Required power for equally balanced elevator cab-counterweight

[suratpanas]

Homework Statement

An elevator system (traction system) consists of a cab, a counterweight, and the motor-powered pulley. The cab and the counterweight is connected by a rope which is attached on the pulley. Consider the cab and the counterweight have equal mass = 1000 kg.
The elevator is intended to move at 1 m/s. This is a balanced mass on 2 sides of the pulley. Calculate the motor power required.

mCa = mCo = 1000 kg
v = 1 m/s

P (kW) = ?

Homework Equations

F dt = mv
P = F * x/t

The Attempt at a Solution

The elevator is initially at rest, so initial momentum is simply zero. No information about the acceleration, so let's say the cruising speed of 1 m/s is reached in 1 s.
F = (mCa + mCo) * v / t
F = 2000 * 1 / t
say t = 1
F = 2000

The distance required to accelerate to cruising speed is
x = 0.5 * a * t^2
since we have stated that 1 m/s reached in 1 sec, then a = 1 m/s^2. Thus,
x = 0.5 * 1 * 1^2 = 0.5

The power calculation:
P = F * x / t
P = 2000 * 0.5/1
P = 1000 W = 1 kW

Conclusion:

1. When accelerating to it's cruising speed (1 m/s), the system requires 1 kW from the motor regardless the friction.

2. when it's already in its cruising speed, the power required is ZERO, regardless the friction. Means, the power is only to overcome the friction.


Am I right, folks? did I do correctly in my analysis of using momentum? This is equally (balanced) masses at both sides, so gravitational forces cancel each other.
Thanks for your comments..

 

[anathema]

Thank you for your detailed explanation and calculations. Your analysis is correct in terms of using momentum to calculate the force required for the elevator to reach its cruising speed of 1 m/s. However, there are a few additional factors to consider in determining the motor power required for this elevator system.

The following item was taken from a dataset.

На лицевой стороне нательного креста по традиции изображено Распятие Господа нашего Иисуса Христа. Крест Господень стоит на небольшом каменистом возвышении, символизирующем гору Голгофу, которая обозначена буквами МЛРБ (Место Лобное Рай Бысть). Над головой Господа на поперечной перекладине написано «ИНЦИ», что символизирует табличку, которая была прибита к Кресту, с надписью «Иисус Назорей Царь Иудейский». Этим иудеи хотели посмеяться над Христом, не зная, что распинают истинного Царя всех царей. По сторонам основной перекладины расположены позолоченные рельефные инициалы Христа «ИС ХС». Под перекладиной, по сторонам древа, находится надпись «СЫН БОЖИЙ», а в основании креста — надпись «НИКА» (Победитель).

Firstly, as you mentioned, there will be friction present in the system that will require additional force to overcome. This friction can come from various sources such as the pulley, the rope, and even air resistance. Therefore, the force required to move the elevator will be greater than just the force calculated from the momentum equation.

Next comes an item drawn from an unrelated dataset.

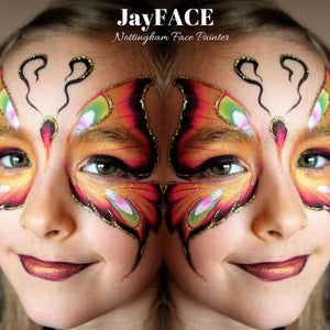Please note: The US FDA recommends against using red, yellow, orange or purple facepaints near the eyes and or using blue, green or purple face paints near the lips to avoid possible staining issues.

Secondly, the elevator system will also have to overcome the weight of the cab and counterweight, which is equal to 2000 kg in this case. This weight will also require additional force from the motor to lift and move the elevator.

Taking these factors into account, the motor power required for this elevator system will be greater than just 1 kW. It would be necessary to calculate the total force required, taking into account the weight of the system and the friction, and then use that value to calculate the motor power using the equation P = F * v.

I hope this helps clarify your analysis. Keep up the good work in your scientific calculations!